NOW Is the Time! REPARATIONS

Reparations are a way of making the country whole, by partially remedying the inherited inequalities that still plague African Americans in this country and in our city.

The victims of gross violations of international human rights law and serious violations of international humanitarian law have the right to a remedy. Remedies that bring with it a public apology, including acknowledgement of the facts and acceptance of responsibility.

Victims are defined as “persons who individually or collectively suffered harm” as well as “the immediate family or dependents of the direct victim.” Thus, evolving international law requires apologies to victims and their direct family members for gross violations of their human rights.

The Idea of the American Dream

Central to the idea of the American Dream lies an assumption that we all have an equal opportunity to generate the kind of wealth that brings meaning to the words “life, liberty and the pursuit of happiness,” boldly penned in the Declaration of Independence. The American Dream portends that with hard work, a person can own a home, start a business, and grow a nest egg for generations to draw upon. This belief, however, has been defied repeatedly by the government’s own decrees that denied wealth-building opportunities to Black Americans.

Today, the average white family has roughly 10 times the amount of wealth as the average Black family. White college graduates have over 7 times more wealth than Black college graduates. Making the American Dream an equitable reality demands the same systems that denied wealth to Blacks restore that deferred wealth through reparations to their descendants in ways that will close the Black-white racial divide. Reparations should come in the form of wealth-building opportunities that address racial disparities in education, housing, and business ownership.

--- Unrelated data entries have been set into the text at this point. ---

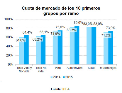 Los datos de 2015 demuestra que la concentración del sector asegurador se ha incrementando un 4,4% respecto a 2014. Los datos de ICEA señalan que los 10 primeros grupos por primas acaparan el 64,4% del total del mercado frente al 61% que poseían un año antes. En No Vida la concentración aumenta casi un 2% al pasar del 63,2% al 65,1% de los principales grupos.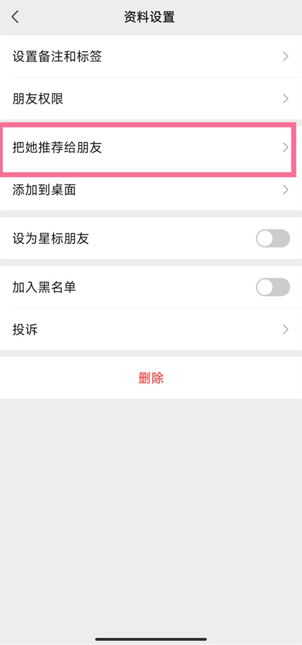 2、点击【把他/她推荐给朋友】,选中需要推送的对象即可。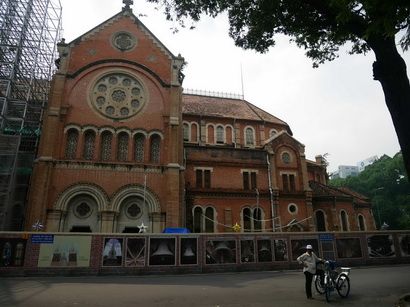 แลกเงินเสร็จก็เดินจากตลาดไปโบสถ์นอร์เธอดาม ประมาณโลกว่าๆ จนเพื่อนถามว่านี่ทริปกินรึทริปเดิน แต่ตลอด2ข้างทางก็มีอะไรให้มองตลอด....มอ'ไซไงคะ สวนเลนกันซ้ายขวา มอซ้าย-มองขวาแล้วก็ต้องมองซ้ายอีกที วิธีการเดินคือเดินๆๆไปค่ะอย่าหยุด พี่เค้าจะหลบเราเอง ส่วนไฟเขียว-ไฟแดงนั้น ไม่มีผลใดๆอย่าไว้ใจ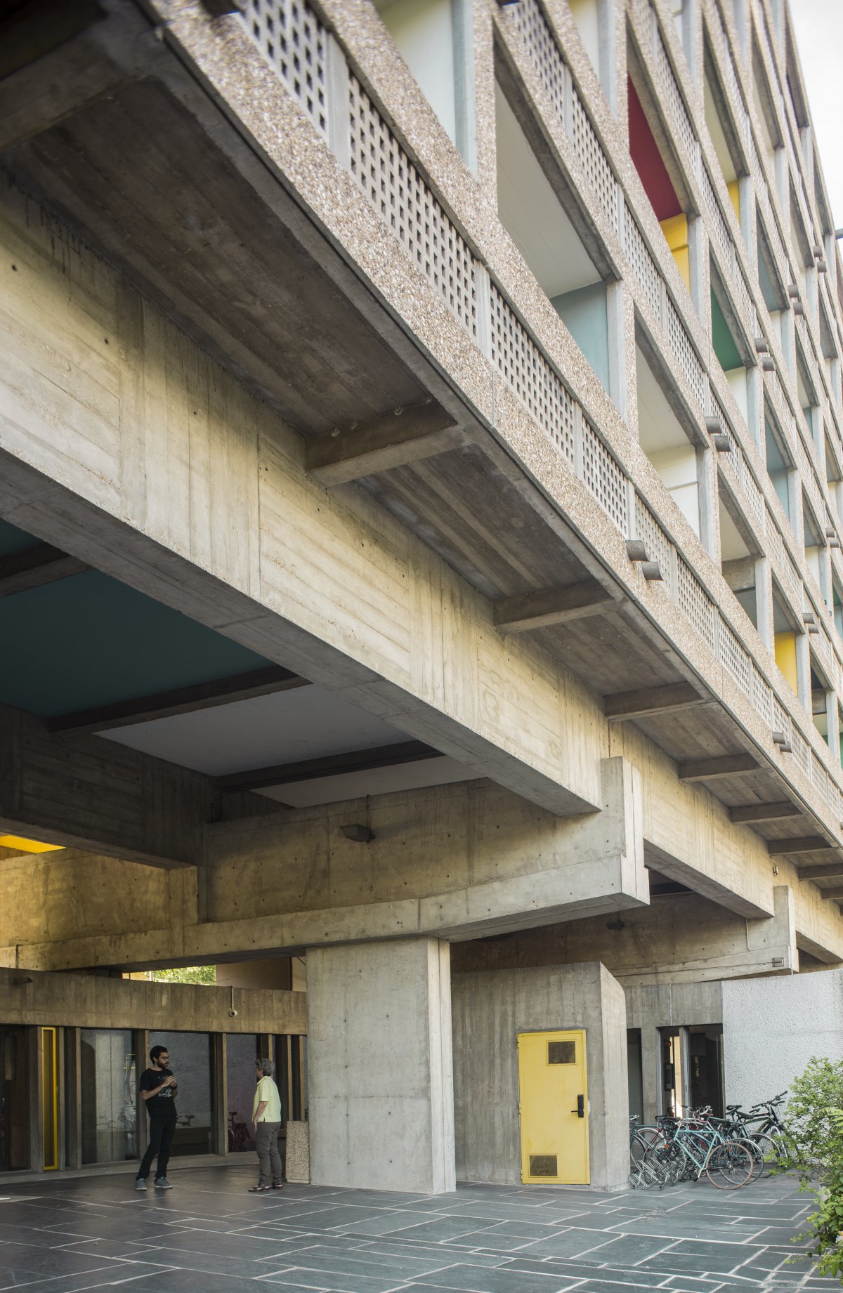 Like Le Corbusier's Swiss Pavilion (1932), the building is a five-storey concrete volume, elevated above the ground and also made of concrete. Below this volume is an irregular first floor, with administrative Spaces to the west and public Spaces to the east, such as library, theatre, exhibition space and party space. The wings are connected under the building by a curved passage, with the interior as an intermediate space and the exterior as the boundary of the outdoor arcade.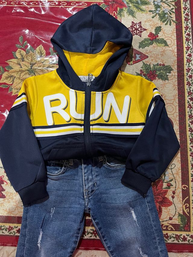 Set composto da felpa con cappuccio e jeans per bambino. - Felpa gialla e blu con zip e scritta RUN. - Jeans blu con strappi.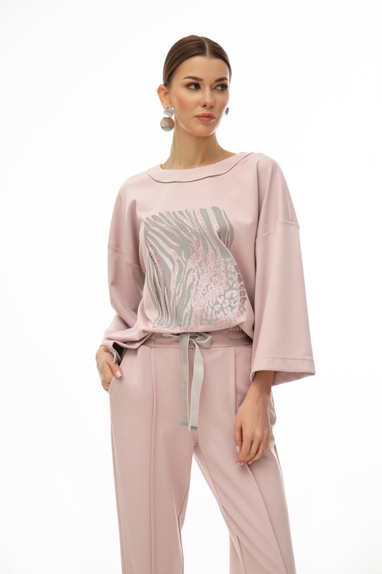 Костюм женский состоящий из джемпера и брюк. Джемпер прямого силуэта. Перед цельнокроенный, декорирован авторским принтом. Плечо спущено. Рукав одношовный, длинный. На боковой шов и шов рукава настрочена декоративная тесьма. Горловина округлой формы, обработана обтачкой «на лицо». Брюки полуприлегающего силуэта. Пояс притачной, частично на эластичной резинке, с декоративной шнуровкой. По переду отстрочены стрелки. В боковых швах расположены карманы с отрезным бочком. Низ с широкой подгибкой. Длина джемпера по спинке 62 см.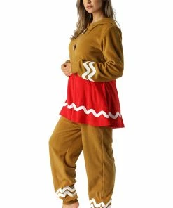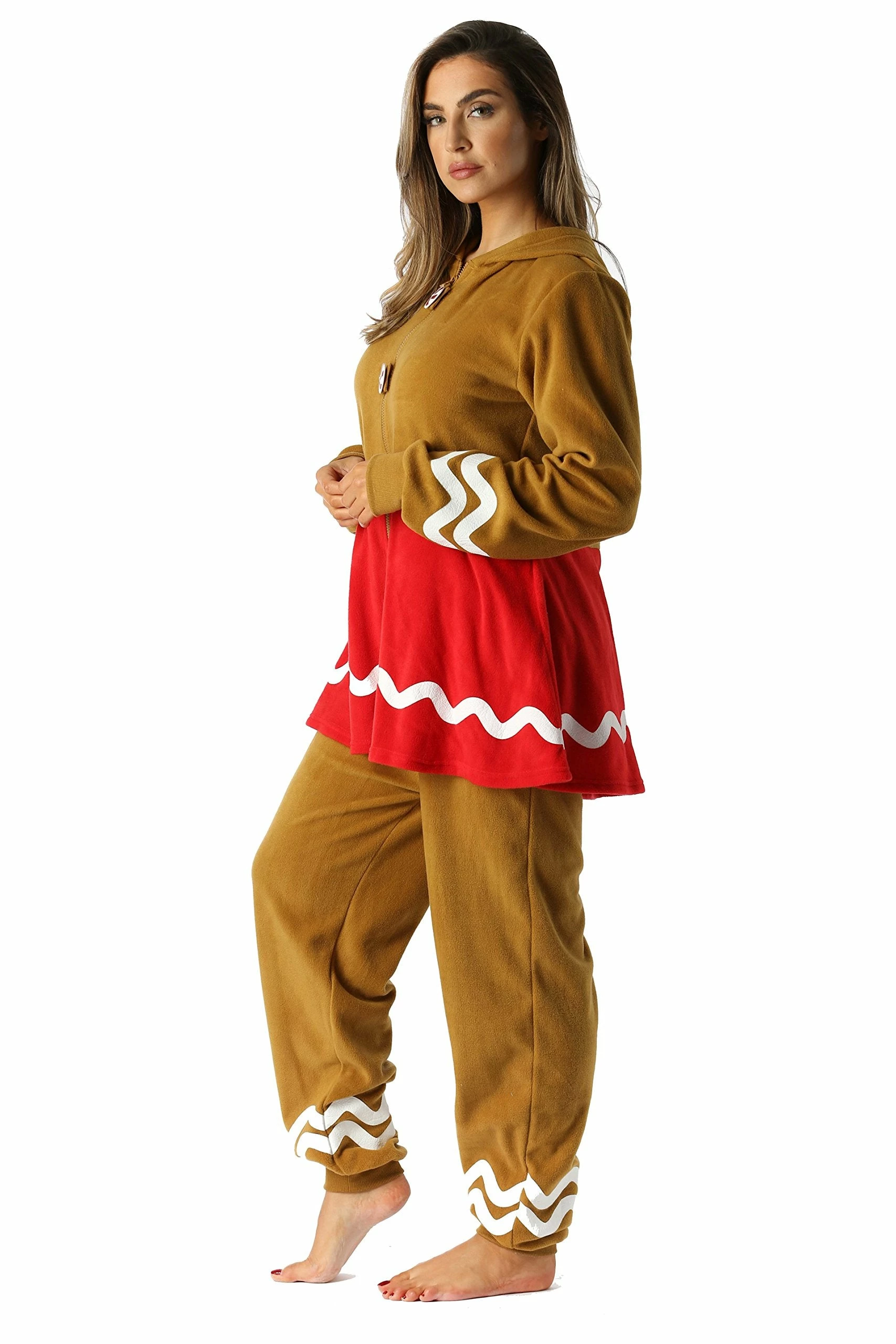- STANDOUT QUALITY: Enjoy a taste of durability with the high quality mix of extra-strong stitching, sturdy full zippers, well-done applique, and knit fabric that handles well in the wash without running color. Our hooded holiday onesie for women come in XS-XXL to fit most body frames.

We Have Yet to Be Compensated

The Governmental system; National, state and local; has yet to compensate descendants of enslaved Black Americans for their labor. Nor have those government systems atoned for the lost equity from anti-Black housing, transportation, and business policies. Slavery, Jim Crow segregation, anti-Black practices like redlining, and other discriminatory public policies in criminal justice and education have robbed Black Americans of the opportunities to build wealth (defined as assets minus debt) afforded to their white peers.

A Lingering Legacy

Given the lingering legacy of slavery on the racial wealth gap, the monetary value we know that was placed on enslaved Blacks, the fact that other groups have received reparations, and the fact that Blacks were originally awarded reparations only to have them rescinded provide overwhelming evidence that it is time to pay reparations to the descendants of enslaved Blacks.

The moral justification for reparations stands on its own.